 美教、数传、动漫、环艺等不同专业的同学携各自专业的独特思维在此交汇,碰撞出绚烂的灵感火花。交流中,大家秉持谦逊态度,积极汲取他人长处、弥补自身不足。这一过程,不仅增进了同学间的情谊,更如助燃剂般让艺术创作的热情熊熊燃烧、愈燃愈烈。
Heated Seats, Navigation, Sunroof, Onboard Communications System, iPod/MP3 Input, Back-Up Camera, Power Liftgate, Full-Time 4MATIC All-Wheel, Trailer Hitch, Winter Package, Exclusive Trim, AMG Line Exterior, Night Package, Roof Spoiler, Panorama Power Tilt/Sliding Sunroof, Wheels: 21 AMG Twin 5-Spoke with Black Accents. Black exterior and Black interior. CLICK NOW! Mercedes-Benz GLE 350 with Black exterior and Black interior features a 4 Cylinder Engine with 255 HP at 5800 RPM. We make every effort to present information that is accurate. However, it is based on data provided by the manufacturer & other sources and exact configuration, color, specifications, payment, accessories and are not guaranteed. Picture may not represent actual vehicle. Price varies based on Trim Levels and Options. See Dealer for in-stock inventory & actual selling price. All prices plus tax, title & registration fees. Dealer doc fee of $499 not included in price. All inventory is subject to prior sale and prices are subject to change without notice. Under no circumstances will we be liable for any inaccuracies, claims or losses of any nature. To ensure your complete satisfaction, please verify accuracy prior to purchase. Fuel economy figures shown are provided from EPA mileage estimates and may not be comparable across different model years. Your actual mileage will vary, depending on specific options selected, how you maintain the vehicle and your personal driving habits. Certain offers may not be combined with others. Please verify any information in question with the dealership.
==
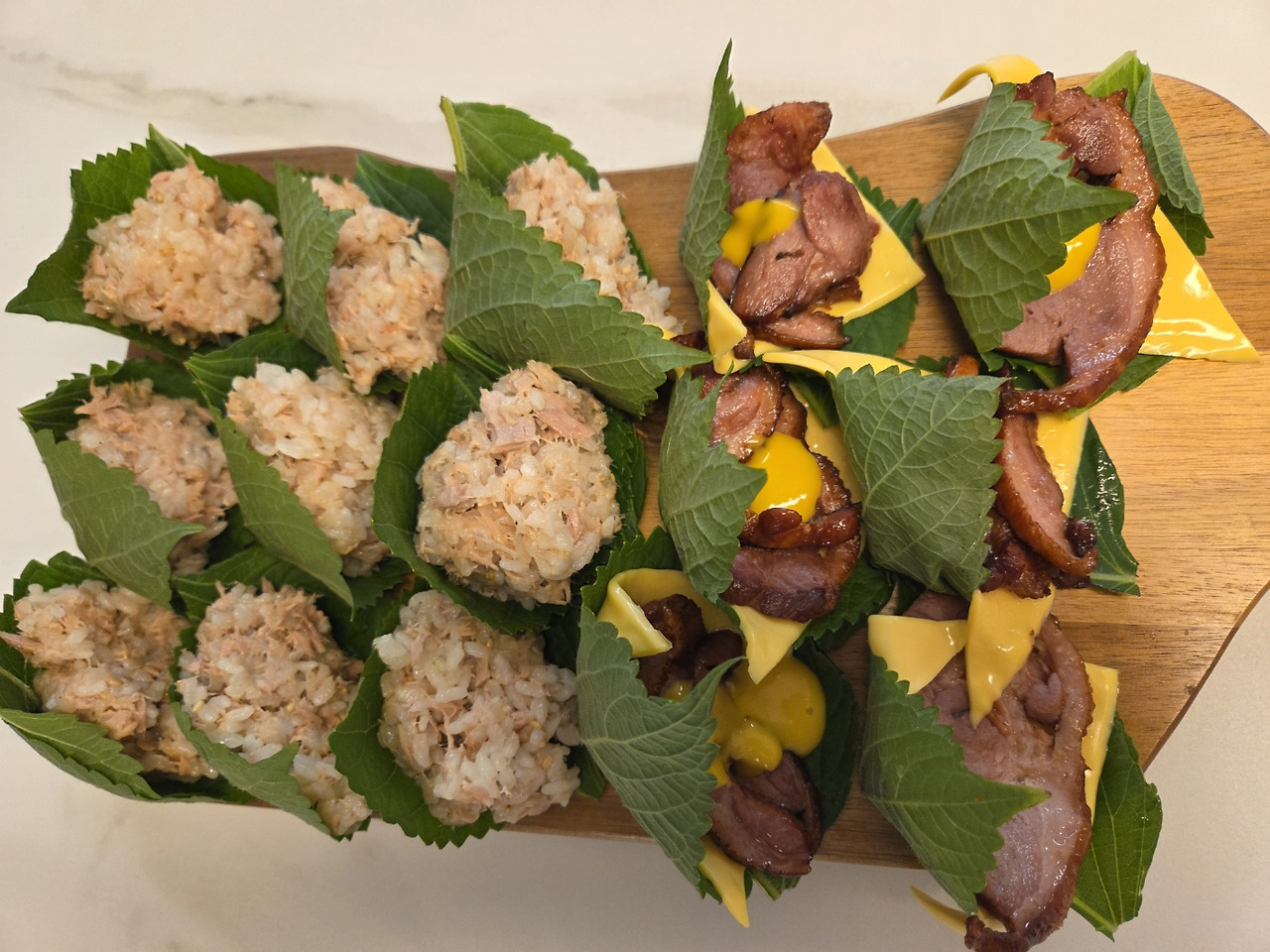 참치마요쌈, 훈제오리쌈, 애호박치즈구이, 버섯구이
--
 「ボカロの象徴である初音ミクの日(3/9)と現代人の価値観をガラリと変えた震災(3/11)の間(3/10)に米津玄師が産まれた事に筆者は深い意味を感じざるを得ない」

» **WORK TASK**:
Lines wanted from the listing above: the line with "美教、数传、动漫、环艺等不同" up to and including the line with "Heated Seats, Navigation, Sunroof, Onboard". Please write them out exactly, adding nothing else.

» **EXERCISE ANSWER**:
 美教、数传、动漫、环艺等不同专业的同学携各自专业的独特思维在此交汇,碰撞出绚烂的灵感火花。交流中,大家秉持谦逊态度,积极汲取他人长处、弥补自身不足。这一过程,不仅增进了同学间的情谊,更如助燃剂般让艺术创作的热情熊熊燃烧、愈燃愈烈。
Heated Seats, Navigation, Sunroof, Onboard Communications System, iPod/MP3 Input, Back-Up Camera, Power Liftgate, Full-Time 4MATIC All-Wheel, Trailer Hitch, Winter Package, Exclusive Trim, AMG Line Exterior, Night Package, Roof Spoiler, Panorama Power Tilt/Sliding Sunroof, Wheels: 21 AMG Twin 5-Spoke with Black Accents. Black exterior and Black interior. CLICK NOW! Mercedes-Benz GLE 350 with Black exterior and Black interior features a 4 Cylinder Engine with 255 HP at 5800 RPM. We make every effort to present information that is accurate. However, it is based on data provided by the manufacturer & other sources and exact configuration, color, specifications, payment, accessories and are not guaranteed. Picture may not represent actual vehicle. Price varies based on Trim Levels and Options. See Dealer for in-stock inventory & actual selling price. All prices plus tax, title & registration fees. Dealer doc fee of $499 not included in price. All inventory is subject to prior sale and prices are subject to change without notice. Under no circumstances will we be liable for any inaccuracies, claims or losses of any nature. To ensure your complete satisfaction, please verify accuracy prior to purchase. Fuel economy figures shown are provided from EPA mileage estimates and may not be comparable across different model years. Your actual mileage will vary, depending on specific options selected, how you maintain the vehicle and your personal driving habits. Certain offers may not be combined with others. Please verify any information in question with the dealership.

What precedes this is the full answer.